Despite at least three big surges to attempt it over the past 24 hours, the daily high has only been USD 7,995, and Bitcoin is right now in the midst of trying to break it on another run again at 9:40 am London (CoinDesk).

The situation is only marginally better for altcoins. Ethereum is for now safely above the USD 170 mark, gaining 2% in the past day to hopefully make another USD 180 run this weekend. Tron (TRX) continues to be one of the best performers, making up 6% ground since Friday, while Ripple and even Dogecoin are showing a lot of sustained strength in this Bitcoin downturn.

Monero, Lisk and NEM are the poor performers who are in the red today, but it is Bitcoin Gold who is the worst performer in the Top 30 by market capitalization, with a 7% depreciation.

Whatever it is, the optimism for USD 20,000 in the remaining months of 2019 is now a distant possibility.

One big news to come out has been that cryptocurrency exchange Poloniex will now part ways from its aprent company Circle and rebrand as Polo Digital Assets. It sent an email to all users announcing this change and that they would also stop supporting US customers, indicating a desire to open their doors more widely to an international market.

Their blog post publishing the announcement also says that they will be receiving backing by a major Asian investor. Though no group or person was mentioned as investor, the spinoff is rumored to consider Tron founder Justin Sun as a possible leader. TRX tokens, as mentioned above, seems to have benefited from these swirling rumors. The post said:

“We are excited to announce that we are spinning out from Circle into a new company, Polo Digital Assets, Ltd., with the backing of a major investment group. We have a multiyear plan to spend more than USD 100 million to develop and expand Poloniex, and we are very excited to continue working with the amazing global community of Poloniex customers.”

Meanwhile, one of the world’s largest crypto exchanges, Binance, is back in the headlines this week, after increasing its leverage for possible investment into its Bitcoin futures products to 125:1. Most exchanges offering derivatives or margin trading would set a maximum at 100 but the decision to go that much more appeals to traders with large risk appetites. Now available on the web and testnet trading interfaces for BTC/USDT contracts, Binance CEO Changpeng Zhao has taken to Twitter to issue a warning to new or inexperienced traders to stay away from the functionality.
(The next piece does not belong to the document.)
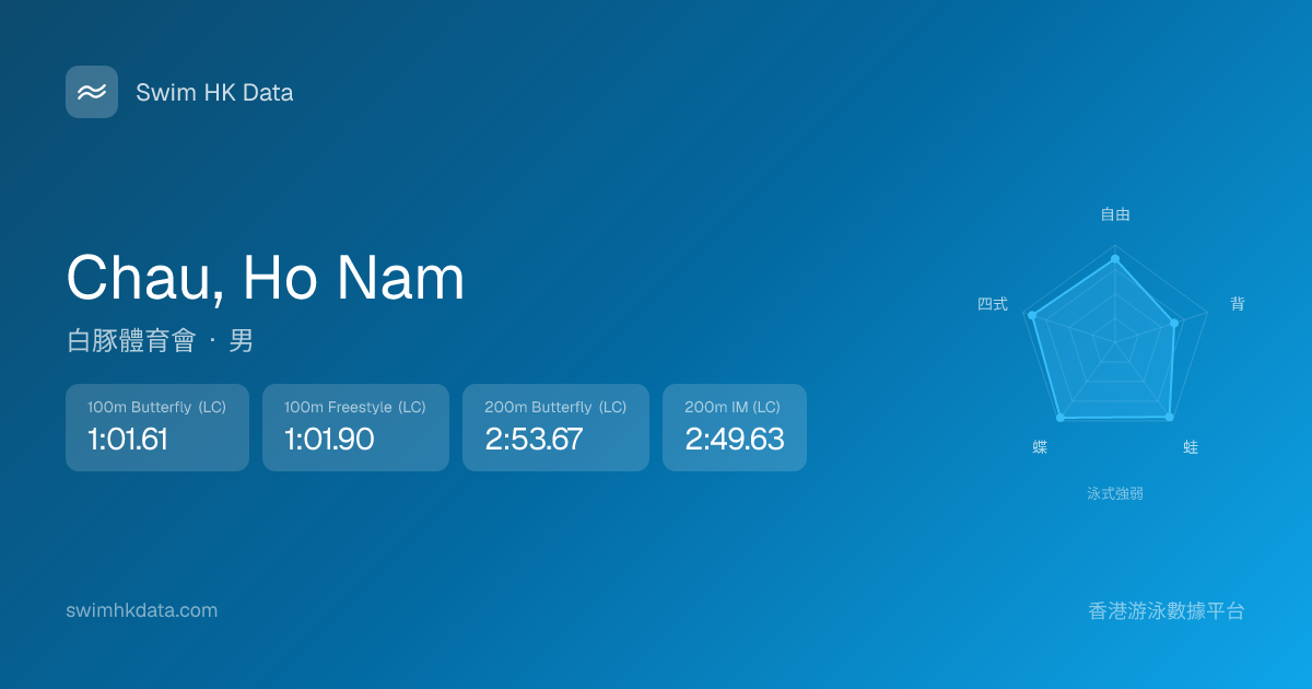 此圖表根據你所有比賽成績計算,顯示你在各泳式的相對強弱,僅供參考。繼續努力,每一次練習都會讓你更快更強!💪

Seemingly well aware of the risks of leverage or margin trading, and of the propensity of traders to go bust (get a margin call, and therefore, liquidating all positions). Zhao explained:

“Not every feature is for everyone. Some features, while not liked by everyone, are in high demand only for small selected groups. Please don’t use features you don’t like or need. As a platform, we have to provide choices to stay competitive.”

Some commentators will say that this is more proof that Binance new futures offerings are struggling to gain the expected traction, just as other types of Bitcoin derivatives are being slow in uptake like with the overhyped Bakkt.

Binance is keen to bring big volume traders on to its platform and recently announced a VIP Invitation Program for new users, inviting them to trade on their spot, margin and futures offerings. Typical of Binance, new traders needed to provide screenshots as proof of their trading volume from other exchanges, and Binance would give them fee discounts.

It’s a credit to Binance that they have managed to drum up support and volume in these times, but one wonders how sustainable these efforts really are. Because while some enjoy that Binance makes so much effort to drive up commerce for their platform, most of it is artificial and requires incentivized activity. Will the bubble remain if they cease?